The PQ is making a play for middle-class families, who are among the voters all parties will be targeting in the final days of the campaign. Ms. Marois promised to give them a break, saying a balance must be struck in reducing taxes for middle-class families as well as businesses.

It was the first time in the campaign that Ms. Marois referred to cutting taxes. There was no mention of tax cuts in the PQ budget tabled in February, two weeks before the election was called. Finance Minister Marceau said that surpluses generated after reaching the zero-deficit target would go to reducing the province’s debt.

Ms. Marois said it was premature to project by how much taxes would be reduced. The PQ leader said it would depend on the success of her industrial policy aimed at attracting new investments and jobs. The more wealth the province can generate, the better the chances of cutting taxes, she said.

She then explained that while cutting taxes would be a priority, it wouldn’t be the only one set be government once the deficit has been eliminated.

“We also have to make sure that we continue to serve Quebeckers well and therefore once we reach a balanced budget, once we have surpluses, half of it could be used to cut taxes and the other half to maintain and improve services,” Ms. Marois told reporters after her business luncheon.

Ms. Marois called the Liberals and the Coalition Avenir Quebec promises to cut taxes as being completely “unrealistic.” As she weighed for the first time the prospect of a Liberal government being elected she warned Quebeckers that it would result in more overspending and a much higher debt for the province.

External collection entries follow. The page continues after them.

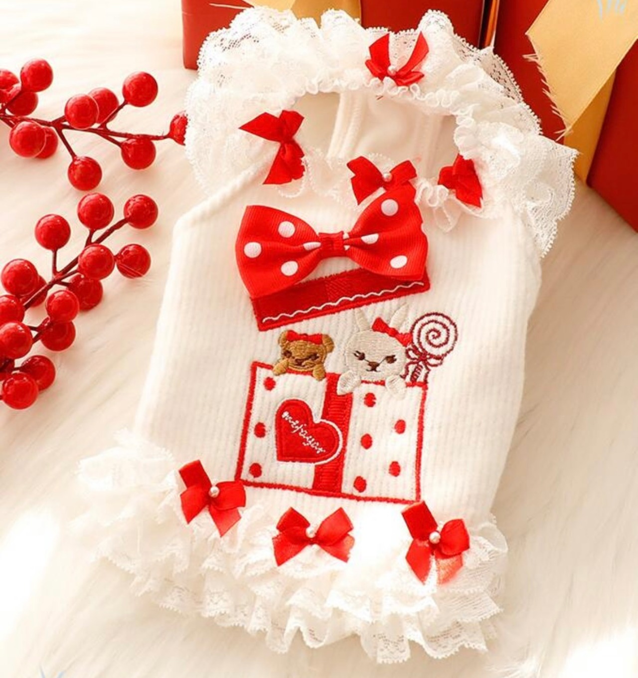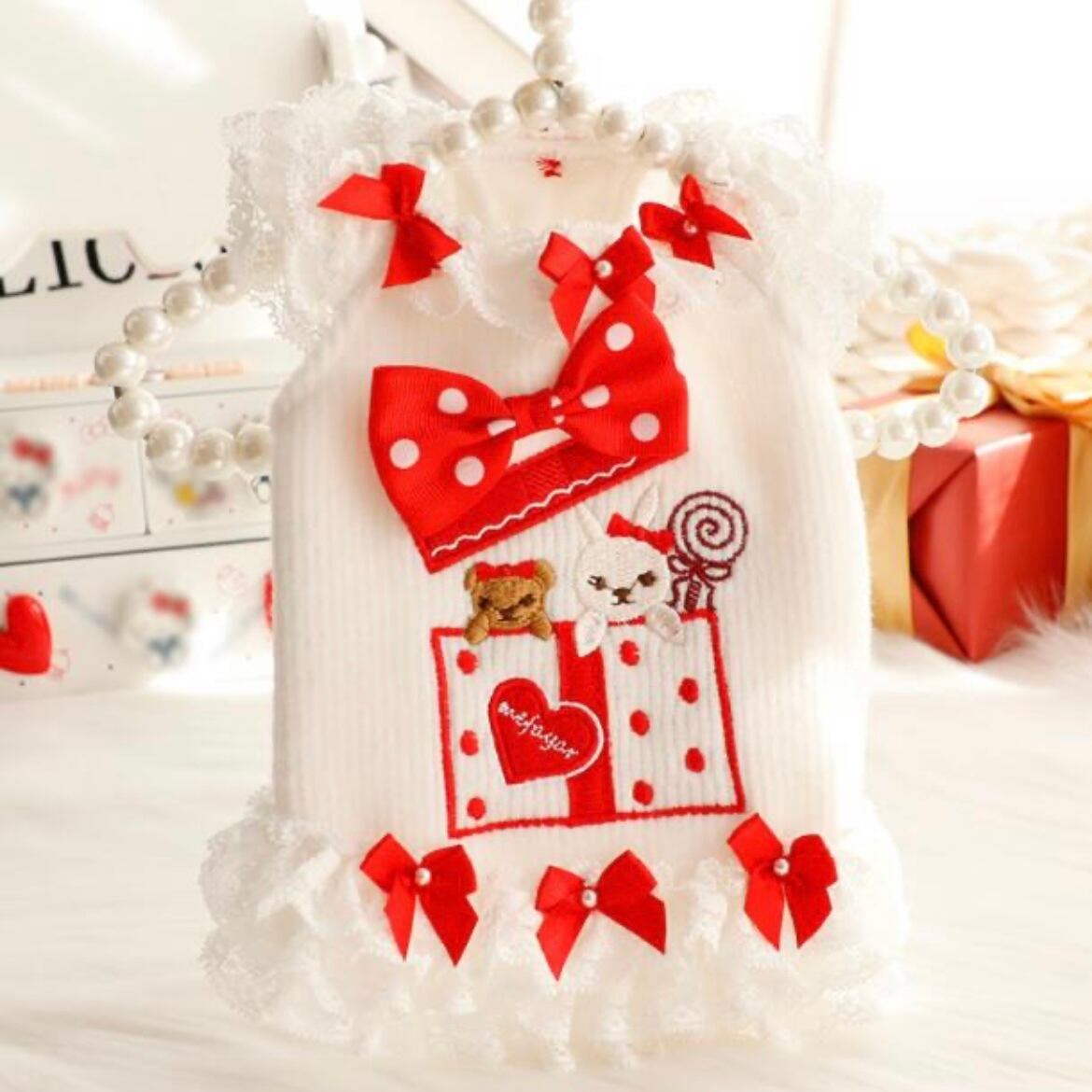 可愛らしいクマとウサギのプレゼントBOXアップリケが特徴です。ふわふわの裏起毛素材とさらに裏側にフリースを合わせ、寒い冬の日も暖かく過ごせます。
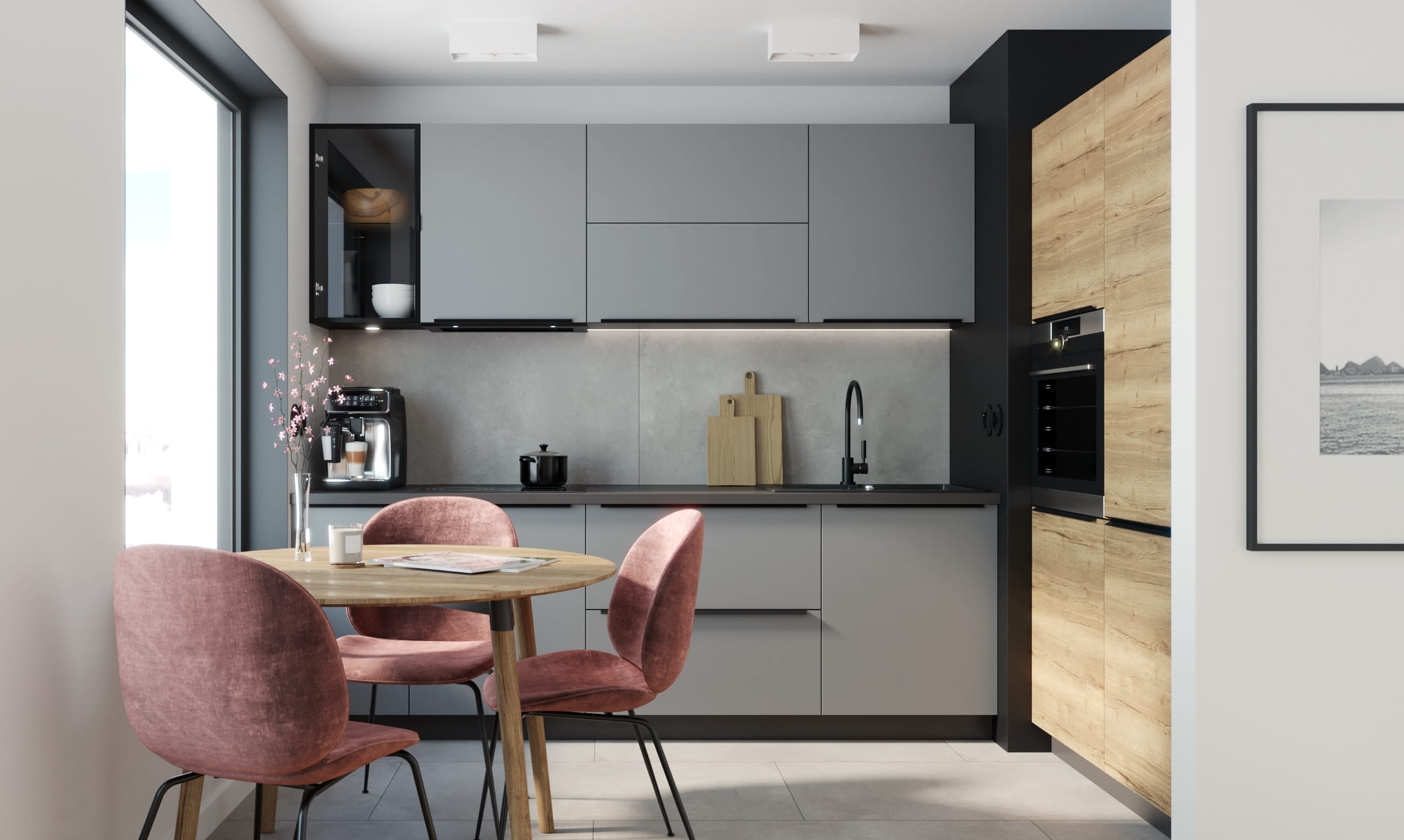 W kuchni zastosowano korpus LAVA, fronty DUST GREY oraz PORTO HALIFAX, uchwyt UA 112 dostosowany do szerokości frontu, blat DARK GREY CONCRETE.
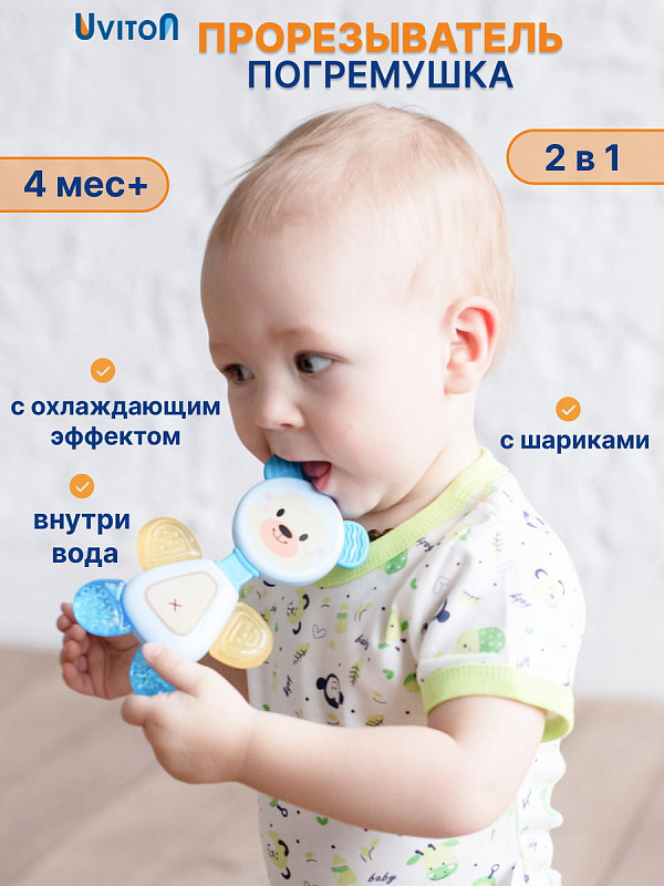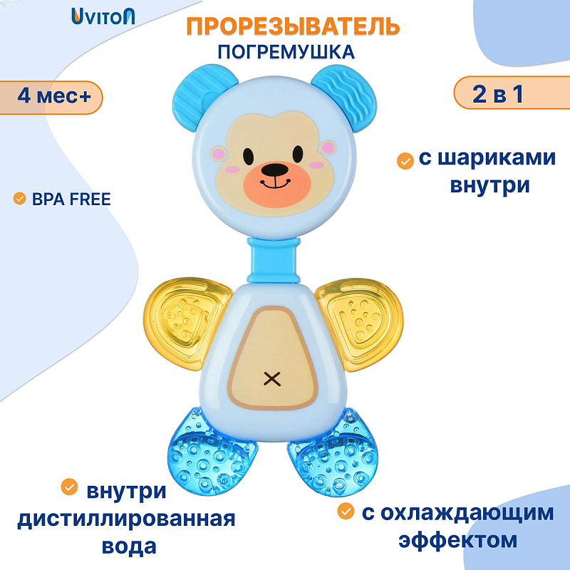 Процесс прорезывания и роста первых зубов является очень сложным для малыша. Чтобы помочь ребенку пережить этот период, мы предлагаем новинку от бренда Uviton – прорезыватель с погремушкой Little bear.

A PQ government, she insisted, would keep spending under control and use the additional funds from mining royalties and taxes on alcohol and tobacco will go to reducing the province’s debt.

According to Quebec government figures, the province’s gross debt was $191.7-billion as of March 31 2013.The net debt which subtracts the value of financial assets was at $175.4-billion for the same period.

When asked by reporters why she was announced these tax cuts now, Ms. Marois responded: "No one asked me the question before."